Do your duty, ne’er complain,
Faint not! Sons of Forres.”
And there you are, dear man, struggling on with might and main…
It’s absurd, of course.
What you’re saying and doing is utterly detached from reality,
but then almost everything you say or do is detached from reality.
And so was our upbringing:
preparing us to govern an empire which no longer exists.
You also remind me of a boy called Whitley. A boy I knew at public school.
He had blond hair, like you, and was arrogant and very sure of himself and had a real talent for a jeering put down. Also like you.
I was horribly insecure and afraid at that time and I very much wanted to be his friend.
So I was very pleased to be sharing a study with him in my second term.
There were four of us in the room, him and me and a boy called Bull and someone else I can’t remember.
Everybody hated Bull, for some reason, and Whitley tormented him.
I probably colluded.
Being beastly to Bull was considered jolly good form and absolutely the thing to do and I am sorry, deeply sorry, for the times I was part of that too.
I did it because I wanted Whitley to like me, but it wasn’t enough because very quickly Whitley turned on me.
He didn’t beat me up or trash my things or call me names. He did that to Bull constantly.
What he did to me was treat me like I didn’t exist.
I don’t know how he did it, I guess because everyone else was afraid of it, but soon everyone in the boarding house was doing the same.
So for 11 or 12 weeks in the winter of 1964 no-one looked at me or spoke to me or ever acknowledged my presence in the room.

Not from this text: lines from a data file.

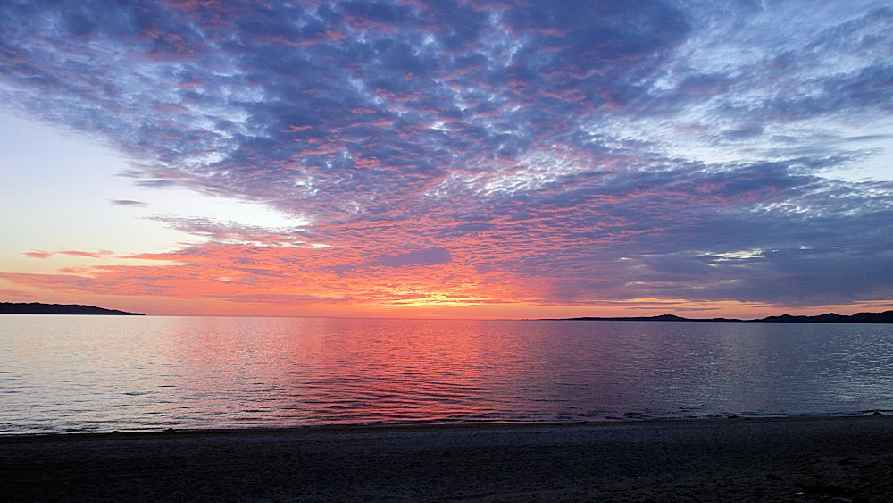 Am Montag (22.02.2016) saßen wir spontan zusammen, als ein spektakulärer Vollmond über dem Golf von Californien aufging. Es war eigentlich wie ein umgekehrter Sonnenuntergang als die rötliche Mondscheibe langsam aus dem Meer auftauchte und allmählich in seine normale gelbgräuliche Farbe überging. So hatten wir das noch nie gesehen.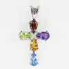 9ct Yellow Gold Mutli Gem Cross. This beautiful cross is set with garnet, peridot, amethyst, blue topaz and citrine gem stones.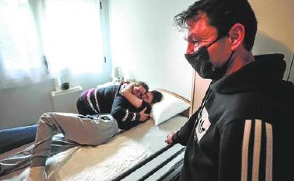 En la mesilla, junto a su cama, una vela eléctrica para evitar sustos ilumina la imagen de varios santos. Su madre le da abrazos infinitos y besos sonoros. Su cuidado es lo que da sentido ahora a su vida. Se ha convertido en una auténtica «enfermera». Se levanta cada día como si siguieran en el hospital. Le alimenta por sonda cinco veces al día y le da tres pastillas, una dos veces al día y otra, tres. Le asea y le pasea. Cuando tiene que ir al médico o a realizar alguna gestión, Eugenio pide día libre en el trabajo porque no se puede quedar solo. «Cuando se enfada, tira cosas. Se puede caer y hacerse daño».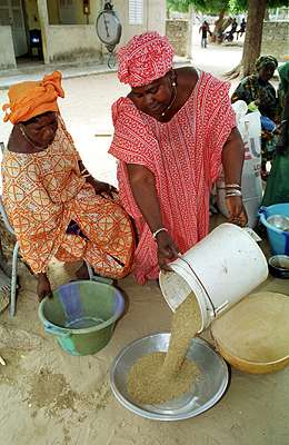 SN25: A woman measures grain to be distributed in a village in northern Senegal.

I was thirteen years old, Mr. Johnston, and my mother had died just a little over a year before.
The world of the English boarding school is a very small one, Mr. Johnston, as you know, with its own rules and values and codes of behaviour.
Small as it is, for a boy of 13 imprisoned in its cruelty it is everything.
And when you’re being bullied you feel utterly alone; and if you’re being bullied, you feel it’s all your fault.
You know this, Mr. Johnston; and you know that the only defence is to be liked.
You need to be liked, always; and I know where that need comes from.
“Let no slacker mar your ranks
Give no rotter place nor thanks
Idle folly, feeble pranks,
Scorn ye! Sons of Forres.”
I’m very glad we never met, Mr. Johnston, because I suspect you are a bit of a rotter, and a slacker too, and I’ve no doubt you’d have been more than capable of making my life a hell on earth if you’d been given half a chance to.
And so whenever I see you on a screen, or read about you in a headline, I’m reminded of that time in my life when I was orphaned and friendless and felt like an utterly worthless person who deserved to suffer.
I never complained.
“Do your duty, ne’er complain…”
Never, not even when we were made to stand, naked, in a shivering line, in an unheated communal bathroom in winter, and then have to take a cold plunge in an oversized bath installed for that very purpose.
And then go outside into the school yard and do physical jerks, snow, rain, frost or shine.
I think this was supposed to make us men.
I tried my very best, Mr Johnson, as our headmaster was always telling us to, and as a result suffered quite unnecessarily for years and years.
And caused deep suffering to those I loved.
You seem to have caused great suffering to those who loved you, Mr Johnston, and I imagine you must have suffered too.
Suppressing the tender, sensitive part of oneself does cause much suffering.
And so I imagine that you suffer still.
I gather you were very close to your mother, and were distressed by the cruel way your father treated her, and by the fact that her depression caused her to withdraw from you.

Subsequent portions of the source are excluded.